Индустриальные революции в Германии и Японии были в очень большой степени поддержаны, даже можно сказать, что навязаны, государством. В обоих случаях государственные элиты очень чутко реагировали на внешние факторы и события, не замыкаясь на внутренних делах. Пруссия стремилась объединить вокруг себя всех немцев, так как понимала неизбежность конкуренции с Британией и Францией, для победы в которой требовалась ускоренная индустриализация. Япония столкнулась в своем регионе с возрастающей активностью Соединенных Штатов. Кроме того, она видела, как ведет себя Британия в Китае. В результате японцы отчетливо осознали, что без объединения и индустриализации у них есть все шансы повторить судьбу Китая. В 1868 году в Японии началась «Эпоха Мэйдзи», было сформировано центральное правительство, которого не было на Японских островах в течение многих столетий. Это правительство взяло курс на форсированную индустриализацию, преследуя как чисто экономические, так и военные цели.

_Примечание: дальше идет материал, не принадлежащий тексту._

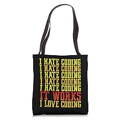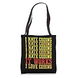 Funny coder IT software developer design that says I Hate Coding It Works I Love Coding. 16” x 16” bag with two 14” long and 1” wide black cotton webbing strap handles. Made of a lightweight, spun polyester canvas-like fabric. All seams and stress points are double-stitched for durability, and the reinforced bottom flattens to fit more items and hold larger objects. Spot clean/dry clean only.

Действия властей обеих стран не означали взятия под контроль государства или обращения в государственную собственность основных предприятий. Правительства только формулировали и претворяли в жизнь индустриальную политику, отталкиваясь от нужд своих государств. В обеих странах имелась достаточно многочисленная аристократия, через которую такая государственная политика проводилась. Аристократия, с одной стороны, понимала и принимала свою ответственность за судьбу своей страны, а с другой стороны, четко видела собственный частный интерес в процессах индустриализации и шансы, которые появляются, если эти процессы возглавить. Италия не находилась в столь жестких геополитических тисках, как Германия и Япония, ее аристократия не была достаточно дисциплинирована для целенаправленных коллективных действий. Немцы и японцы же оказались способными на очень реальные свершения.

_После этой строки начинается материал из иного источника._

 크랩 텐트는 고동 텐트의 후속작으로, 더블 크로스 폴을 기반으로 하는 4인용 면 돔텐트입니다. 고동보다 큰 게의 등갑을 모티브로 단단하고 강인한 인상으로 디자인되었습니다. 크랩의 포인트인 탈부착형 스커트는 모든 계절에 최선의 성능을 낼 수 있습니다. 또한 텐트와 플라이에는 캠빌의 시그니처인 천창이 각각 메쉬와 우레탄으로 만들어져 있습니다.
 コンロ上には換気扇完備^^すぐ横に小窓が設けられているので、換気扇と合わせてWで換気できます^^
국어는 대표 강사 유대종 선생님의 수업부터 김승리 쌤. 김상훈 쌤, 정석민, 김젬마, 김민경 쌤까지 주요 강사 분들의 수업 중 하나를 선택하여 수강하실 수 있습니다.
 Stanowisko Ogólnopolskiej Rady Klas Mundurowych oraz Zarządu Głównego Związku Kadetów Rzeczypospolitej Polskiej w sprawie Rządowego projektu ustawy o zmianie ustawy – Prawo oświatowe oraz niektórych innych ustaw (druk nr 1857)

Индустриализация, объединение, формирование военной мощи были тесно переплетены друг с другом. Ни один из этих факторов не мог существовать по отдельности. Как результат, и в Германии, и в Японии получили широкое распространение милитаристские идеологии, провозглашавшие армию сутью нации, материальным воплощением национального духа. Аристократы естественным образом стали высшими военными руководителями, а широкие народные массы с энтузиазмом восприняли свою роль в построенных обществах. Чуть позже Муссолини попытался навязать милитаристскую идеологию Италии, но, как оказалось, его Фашистская партия была построена на песке.

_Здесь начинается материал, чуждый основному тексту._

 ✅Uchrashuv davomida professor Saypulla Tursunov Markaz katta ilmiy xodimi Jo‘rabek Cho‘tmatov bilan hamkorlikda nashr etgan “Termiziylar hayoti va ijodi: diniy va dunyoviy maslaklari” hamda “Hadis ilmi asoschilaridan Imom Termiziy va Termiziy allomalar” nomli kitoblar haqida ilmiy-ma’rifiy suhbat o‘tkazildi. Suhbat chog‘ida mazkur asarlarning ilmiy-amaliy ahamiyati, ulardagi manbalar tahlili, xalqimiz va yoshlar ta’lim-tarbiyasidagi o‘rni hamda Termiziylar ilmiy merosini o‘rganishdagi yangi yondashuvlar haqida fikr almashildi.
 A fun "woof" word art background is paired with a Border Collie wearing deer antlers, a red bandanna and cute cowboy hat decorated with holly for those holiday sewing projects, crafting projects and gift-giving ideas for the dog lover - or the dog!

После окончания Второй мировой войны и в Германии, и в Японии насаждались антимилитаристские идеологии. Пацифизм был провозглашен одним из конституционных принципов Японии. Германские милитаристские традиции получили выход в присоединении к НАТО, но милитаристская идеология уже более никогда не захватывала умы. Экономики обеих стран росли устрашающими темпами. Этот рост, необходимый для возрождения, стал базой для появления новой идеологии, альтернативной милитаризму, которую можно условно назвать «экономизмом» и которая выражалась в стремлении к достижению национальных целей, к защите национальных интересов через экономическое развитие и только через него. Успехи в процессе экономического роста сделали милитаризм в сознании немцев и японцев неким рудиментом прошлых эпох.

Япония и Германия имели еще одно сходство. Во время холодной войны обе страны были критически важны для Соединенных Штатов. В первые послевоенные годы США производили около половины всего мирового ВВП. Тесные экономические отношения с американцами несли огромные выгоды для обеих стран, так как обеспечивали доступ на самый большой в мире рынок. Америка нуждалась и в Германии, и в Японии как в важнейших компонентах ее стратегии сдерживания Советского Союза. Но чтобы эти элементы эффективно выполняли свои функции, они должны были стать процветающими. Поэтому США очень быстро отказались от мстительных замыслов по наказанию обеих стран за их военные грехи. Сохранение там бедности и нищеты было не в американских интересах. В соответствии с послевоенными геополитическими реалиями экономики Германии и Японии должны были быть возрождены. Американская финансовая помощь, доступ к американским рынкам с одновременным согласием на защиту их внутренних рынков с помощью таможенных тарифов — все это дало необходимый начальный толчок к возрождению.